С Сашей Расторгуевым вы сделали документальные проекты, которые и в России, и за рубежом на фестивалях прогремели. Но работа в его частной «Студии КИНО» в условиях, когда стопроцентный прокат заказчиками не гарантирован, — полная неизвестность. А Вы опять рискнули окунуться в этот омут, и все лето провели на съемках «Дикого, дикого пляжа». Чем Вас удерживает Расторгуев?

– Этот молодой режиссер, а мы с ним давно знакомы, умеет удивлять. Он все время находится в поиске. И, надеюсь, вряд ли когда-нибудь остановится.

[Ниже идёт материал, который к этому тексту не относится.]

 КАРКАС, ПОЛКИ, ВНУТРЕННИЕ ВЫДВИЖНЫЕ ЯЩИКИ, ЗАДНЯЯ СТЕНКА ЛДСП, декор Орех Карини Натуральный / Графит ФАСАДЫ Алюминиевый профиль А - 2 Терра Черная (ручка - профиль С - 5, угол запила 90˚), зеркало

Признаюсь, Эдуард Макарович, летом на море вы показались мне клубком нервов, впрочем, как и остальные члены группы. Драйв безумный, в чем причина?

– Сверхзадача сериала (в исходном варианте он назывался «Жар нежных»), если грубо ее формулировать, заключалась в следующем: влезть человеку под кожу. В момент съемок приходилось решать, как это сделать. Собственно у фильма не было в привычном понимании сценария. Зачаточная идея принадлежала нашему продюсеру Виталию Манскому, он уже снимал диких курортников в режиме программы «В мире животных» (дф «Бродвей. Черное море», 2002). Но у Манского получилась мозаика натуралистичных впечатлений, а мы пошли путем создания историй с персонажами.

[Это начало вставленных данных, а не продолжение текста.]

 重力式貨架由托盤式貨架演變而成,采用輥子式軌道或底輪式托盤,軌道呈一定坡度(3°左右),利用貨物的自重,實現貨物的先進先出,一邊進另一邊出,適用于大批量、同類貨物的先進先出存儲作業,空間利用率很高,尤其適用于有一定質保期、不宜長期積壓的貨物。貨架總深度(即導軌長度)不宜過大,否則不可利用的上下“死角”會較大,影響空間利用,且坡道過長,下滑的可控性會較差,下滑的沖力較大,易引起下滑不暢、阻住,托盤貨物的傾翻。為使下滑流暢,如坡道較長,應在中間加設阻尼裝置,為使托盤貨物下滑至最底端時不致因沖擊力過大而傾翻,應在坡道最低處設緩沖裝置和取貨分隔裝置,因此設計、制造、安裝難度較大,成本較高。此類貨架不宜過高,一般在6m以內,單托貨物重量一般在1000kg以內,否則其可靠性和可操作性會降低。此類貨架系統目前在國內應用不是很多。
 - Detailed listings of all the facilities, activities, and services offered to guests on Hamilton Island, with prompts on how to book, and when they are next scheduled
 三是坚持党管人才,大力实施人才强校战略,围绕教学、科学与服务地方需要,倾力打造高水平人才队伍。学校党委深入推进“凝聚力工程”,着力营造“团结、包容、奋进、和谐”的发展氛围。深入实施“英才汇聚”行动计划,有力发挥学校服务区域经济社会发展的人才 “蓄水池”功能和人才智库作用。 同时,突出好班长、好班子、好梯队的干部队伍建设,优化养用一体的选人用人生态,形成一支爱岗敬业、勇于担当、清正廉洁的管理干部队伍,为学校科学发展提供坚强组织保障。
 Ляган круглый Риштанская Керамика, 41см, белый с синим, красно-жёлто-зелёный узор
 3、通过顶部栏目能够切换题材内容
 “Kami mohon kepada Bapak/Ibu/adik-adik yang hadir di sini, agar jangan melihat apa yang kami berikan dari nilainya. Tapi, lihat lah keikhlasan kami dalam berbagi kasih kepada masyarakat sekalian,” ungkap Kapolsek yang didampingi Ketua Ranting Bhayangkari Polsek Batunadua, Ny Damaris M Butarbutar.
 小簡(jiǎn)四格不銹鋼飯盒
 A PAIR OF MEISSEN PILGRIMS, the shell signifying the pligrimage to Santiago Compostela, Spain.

Киносъемочное оборудование было рассредоточено в радиусе 1500 метров; зона наблюдения включала Туапсе, бухту Инал, Джубгу, Лермонтово, эпицентром служил автокемпинг «Радужный». У всеведающих спасателей, например, мы установили одну камеру. Из палатки в кемпинге занимались ночной видеосъемкой и т.д. Но при этом старались избегать провокаций в стиле «За стеклом», предпочитали меньше подглядывать, чаще созерцать.

В этом новом реальном кино персонажи подчас, кажется, выныривают из мутного бульона будней прямо под вашу камеру и признаются «на всю страну» в тако-о-ом! беспутстве мыслей, что диву даешься, как они тут на пляже-то одичали. Получается какой-то безумный аквапарк с цитатами на злобу то ли дня, то ли вечности, где уживаются средь синего моря белеющие одиноким парусом стихи Лермонтова и политкорректные картинки президента Путина, произносящего свой коротенький пионерский приговор всему окружающему безобразию: «…Мне захотелось заплакать, когда приехал сюда. Человек ко всему привыкает, думаю, и вы привыкли». И вот хочется спросить полушутя: «Кто угодил в вашу саркастическую панораму – не те ли, у кого даже мечты запрограммированы теле-ящиком?»

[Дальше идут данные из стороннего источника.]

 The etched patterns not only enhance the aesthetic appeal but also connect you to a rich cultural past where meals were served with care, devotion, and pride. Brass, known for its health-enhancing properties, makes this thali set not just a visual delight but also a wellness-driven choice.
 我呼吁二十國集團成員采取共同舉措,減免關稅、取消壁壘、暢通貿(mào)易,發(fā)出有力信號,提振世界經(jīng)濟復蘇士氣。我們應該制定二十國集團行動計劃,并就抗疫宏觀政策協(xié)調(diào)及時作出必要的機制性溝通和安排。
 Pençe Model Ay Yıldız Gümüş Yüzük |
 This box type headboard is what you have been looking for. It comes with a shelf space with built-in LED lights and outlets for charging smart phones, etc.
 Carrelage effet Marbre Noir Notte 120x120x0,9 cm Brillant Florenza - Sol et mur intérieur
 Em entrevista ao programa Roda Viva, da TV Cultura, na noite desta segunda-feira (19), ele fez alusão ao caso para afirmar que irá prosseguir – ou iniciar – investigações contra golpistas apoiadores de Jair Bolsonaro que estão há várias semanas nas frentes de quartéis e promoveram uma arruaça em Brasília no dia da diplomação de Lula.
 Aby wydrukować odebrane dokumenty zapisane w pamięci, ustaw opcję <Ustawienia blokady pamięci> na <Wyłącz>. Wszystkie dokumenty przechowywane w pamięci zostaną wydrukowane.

– Я за умное кино. Без мишуры, без социальных додумок. Сложность в том, как достичь этой цели, как просветить человека рентгеновскими лучами и поставить ему точный диагноз. Ведь если посадить его просто на стул перед камерой, то он начинает разрушаться. Сердце, душа, мироощущение – все это очень хрупко. Поэтому мы приучали персонажей к непрестанному видео-наблюдению, они начинали нам доверять: видели камеры, но они при этом не изображались, а вели себя естественно. Из этих редких кадров и смонтирован «Дикий…пляж». Вот отец мечется на пляже, недоглядел, дочка пропала; там мальчика-утопленника несут; вдруг шальная баба выпрыгивает из темноты экрана: «Хочешь сиськи, на – смотри…»; здесь крутят менты руки толстопузому пляжному барону; а далее прячет слезы фотограф над трупом кроткого верблюжонка, которого сам же и заездил в погоне за быстрой наживой и пр. Мы сняли жизнь, в которую вошли со своими сердечными ранами…

Когда режиссер сказал МОТОР

Ваш видеоряд легко можно озвучить голосом Сталкера Тарковского: «Вот и лето прошло… Только этого мало». Отчего горечи столько в этом кино? От пристального взгляда на снимаемых или, по большому счету, это сумма настроений снимающих фильм?

– Настроение идет от снимающих в направлении к той правде, которая скрыта в самих героях. И я так думаю, что эта горькая правда лучше, чем сладкая ложь.